- [What you have to do]: The line with "Стал известен график" starts the range, and the last line of the listing ends it. Retype that range exactly, without pictures.

- [Data excerpt]:
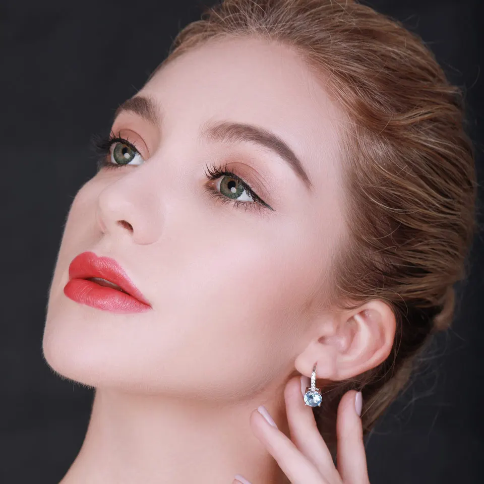 Best . (45% Off) Buy UMCHO Real 925 Sterling Silver Clip Earrings For Women Gemstone Sky Blue Topaz Female Earrings Round Wedding Valentine s Jewelry Price Online.
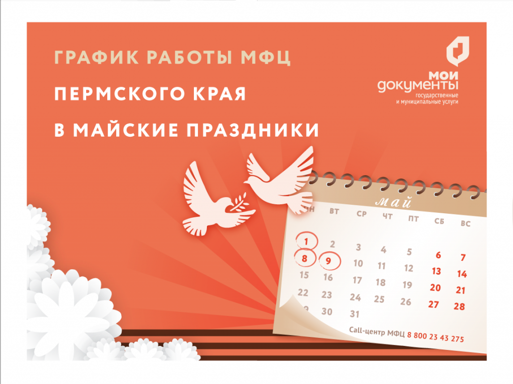 Стал известен график работы МФЦ Пермского края в майские праздники
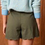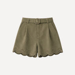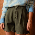 Its high-waisted cut lengthens the silhouette and emphasizes the waist thanks to its matching belt. The delicately openwork, scalloped hem adds a feminine and refined touch, which is the charm of this piece.

- [Response to this exercise]:
 Стал известен график работы МФЦ Пермского края в майские праздники
 Its high-waisted cut lengthens the silhouette and emphasizes the waist thanks to its matching belt. The delicately openwork, scalloped hem adds a feminine and refined touch, which is the charm of this piece.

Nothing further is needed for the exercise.